[AIM OF THE TASK]
Find and copy each line of the data that includes "cesta".

[EXCERPTED RECORDS]
= = = = =

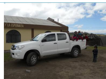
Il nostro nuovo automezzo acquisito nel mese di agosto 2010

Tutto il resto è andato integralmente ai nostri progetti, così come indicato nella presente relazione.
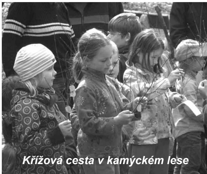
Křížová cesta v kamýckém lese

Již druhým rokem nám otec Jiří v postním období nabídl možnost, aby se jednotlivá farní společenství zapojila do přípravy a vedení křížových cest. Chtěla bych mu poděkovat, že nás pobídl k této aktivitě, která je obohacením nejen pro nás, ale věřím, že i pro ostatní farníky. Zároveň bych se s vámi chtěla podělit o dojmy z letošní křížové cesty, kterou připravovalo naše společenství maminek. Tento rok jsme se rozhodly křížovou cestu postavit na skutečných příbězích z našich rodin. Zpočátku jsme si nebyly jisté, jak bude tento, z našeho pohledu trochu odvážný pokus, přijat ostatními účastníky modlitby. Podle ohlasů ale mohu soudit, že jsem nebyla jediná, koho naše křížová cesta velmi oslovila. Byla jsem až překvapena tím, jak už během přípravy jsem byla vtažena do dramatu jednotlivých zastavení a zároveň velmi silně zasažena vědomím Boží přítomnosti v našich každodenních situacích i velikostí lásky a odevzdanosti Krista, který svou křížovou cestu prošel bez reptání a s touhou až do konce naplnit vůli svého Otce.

= = = = =

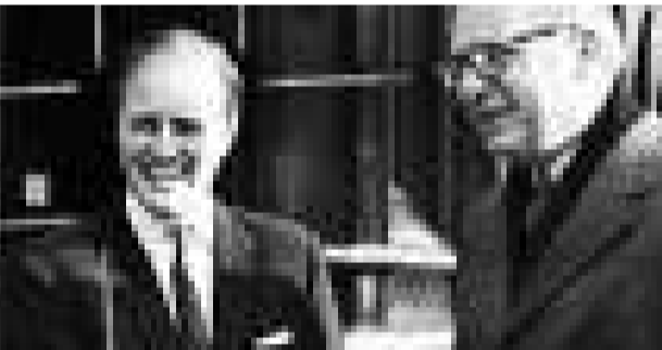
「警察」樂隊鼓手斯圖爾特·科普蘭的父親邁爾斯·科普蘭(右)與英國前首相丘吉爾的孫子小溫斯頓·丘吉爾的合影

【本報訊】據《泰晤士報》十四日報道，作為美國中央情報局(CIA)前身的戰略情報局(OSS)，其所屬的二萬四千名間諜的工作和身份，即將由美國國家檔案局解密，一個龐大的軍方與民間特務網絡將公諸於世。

= = = = =

[WRITTEN SOLUTION]
Křížová cesta v kamýckém lese
Již druhým rokem nám otec Jiří v postním období nabídl možnost, aby se jednotlivá farní společenství zapojila do přípravy a vedení křížových cest. Chtěla bych mu poděkovat, že nás pobídl k této aktivitě, která je obohacením nejen pro nás, ale věřím, že i pro ostatní farníky. Zároveň bych se s vámi chtěla podělit o dojmy z letošní křížové cesty, kterou připravovalo naše společenství maminek. Tento rok jsme se rozhodly křížovou cestu postavit na skutečných příbězích z našich rodin. Zpočátku jsme si nebyly jisté, jak bude tento, z našeho pohledu trochu odvážný pokus, přijat ostatními účastníky modlitby. Podle ohlasů ale mohu soudit, že jsem nebyla jediná, koho naše křížová cesta velmi oslovila. Byla jsem až překvapena tím, jak už během přípravy jsem byla vtažena do dramatu jednotlivých zastavení a zároveň velmi silně zasažena vědomím Boží přítomnosti v našich každodenních situacích i velikostí lásky a odevzdanosti Krista, který svou křížovou cestu prošel bez reptání a s touhou až do konce naplnit vůli svého Otce.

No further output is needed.